Task item:
Transcribe only the lines in the data below falling between the line with "すぐぬっく イヤー 耳当て" and the line with "A cute articulated", including those two lines, and leave out any picture.

Materials provided:
· · · ·

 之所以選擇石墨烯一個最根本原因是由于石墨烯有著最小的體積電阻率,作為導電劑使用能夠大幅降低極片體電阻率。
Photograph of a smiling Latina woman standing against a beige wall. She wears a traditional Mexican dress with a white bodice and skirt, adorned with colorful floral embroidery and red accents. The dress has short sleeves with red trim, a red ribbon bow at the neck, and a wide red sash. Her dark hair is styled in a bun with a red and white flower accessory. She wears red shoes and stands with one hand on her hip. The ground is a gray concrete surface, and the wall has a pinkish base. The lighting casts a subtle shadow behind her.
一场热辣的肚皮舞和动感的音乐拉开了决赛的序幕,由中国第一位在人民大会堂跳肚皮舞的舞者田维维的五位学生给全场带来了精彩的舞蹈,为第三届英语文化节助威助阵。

· · · ·

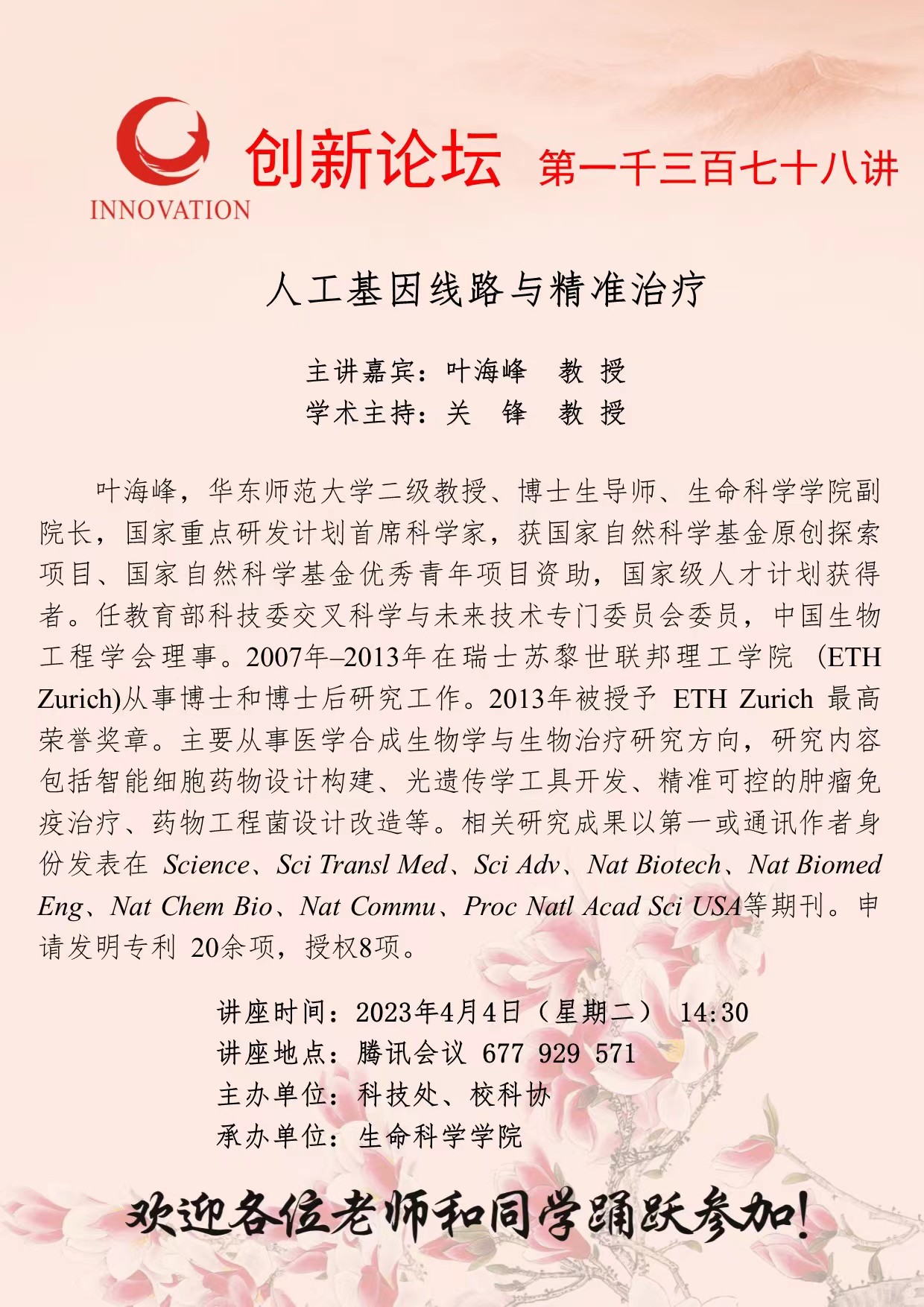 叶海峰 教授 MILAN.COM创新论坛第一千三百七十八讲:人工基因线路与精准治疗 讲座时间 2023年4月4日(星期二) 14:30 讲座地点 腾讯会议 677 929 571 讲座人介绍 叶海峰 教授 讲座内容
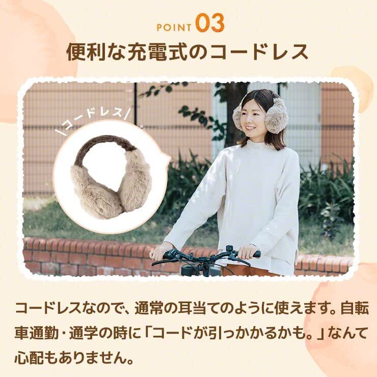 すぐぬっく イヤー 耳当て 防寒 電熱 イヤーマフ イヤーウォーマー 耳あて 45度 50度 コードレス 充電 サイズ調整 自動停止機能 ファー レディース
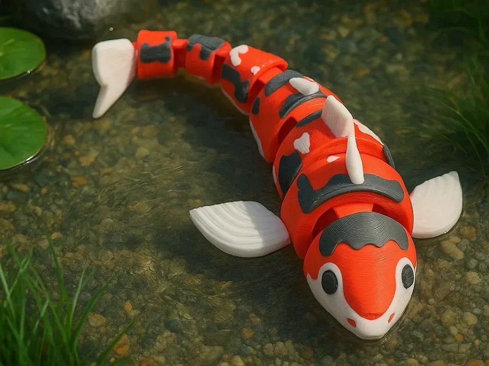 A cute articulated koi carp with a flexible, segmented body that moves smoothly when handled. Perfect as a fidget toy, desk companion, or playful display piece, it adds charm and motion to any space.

· · · ·

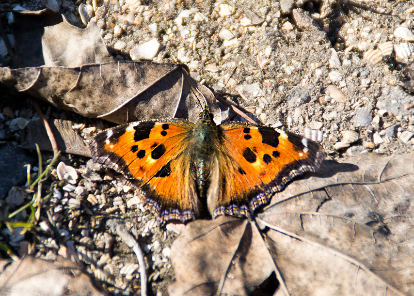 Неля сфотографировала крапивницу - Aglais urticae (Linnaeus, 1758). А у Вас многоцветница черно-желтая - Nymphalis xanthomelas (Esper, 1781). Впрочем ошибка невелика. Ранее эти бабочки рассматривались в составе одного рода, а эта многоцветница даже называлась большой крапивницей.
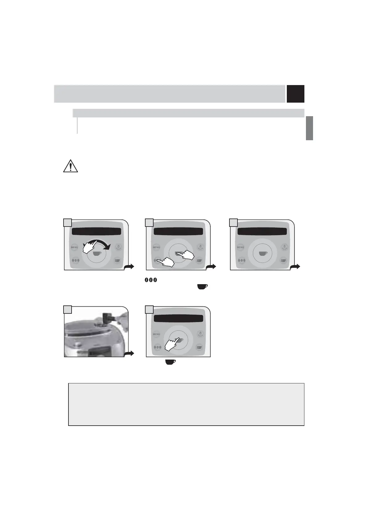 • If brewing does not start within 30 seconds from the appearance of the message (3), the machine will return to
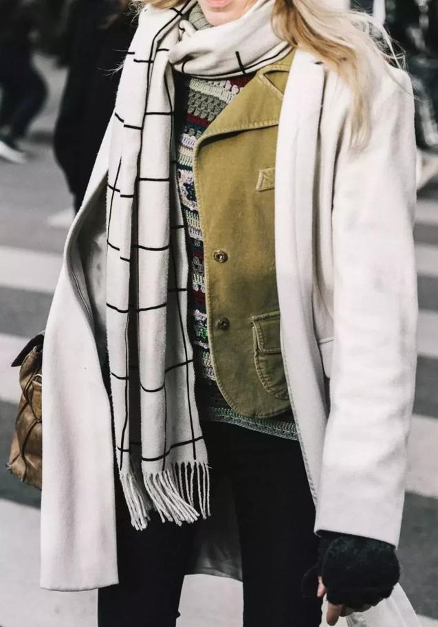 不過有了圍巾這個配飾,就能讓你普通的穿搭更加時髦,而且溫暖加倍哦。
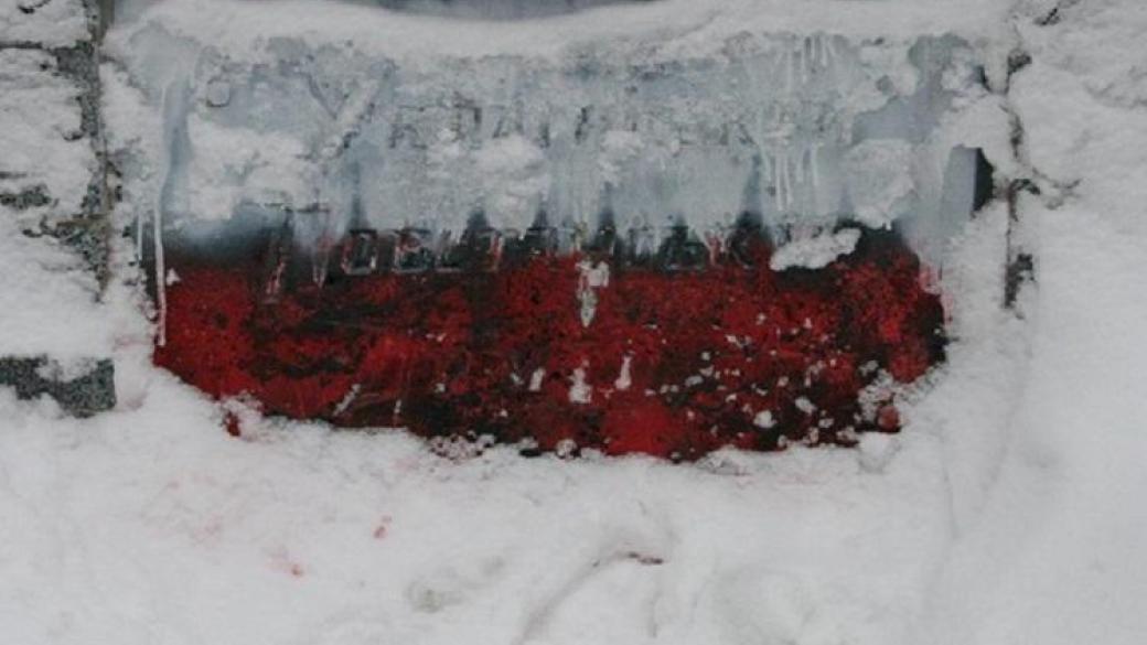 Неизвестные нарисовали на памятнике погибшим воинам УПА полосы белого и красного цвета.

· · · ·

Response box:
 すぐぬっく イヤー 耳当て 防寒 電熱 イヤーマフ イヤーウォーマー 耳あて 45度 50度 コードレス 充電 サイズ調整 自動停止機能 ファー レディース
 A cute articulated koi carp with a flexible, segmented body that moves smoothly when handled. Perfect as a fidget toy, desk companion, or playful display piece, it adds charm and motion to any space.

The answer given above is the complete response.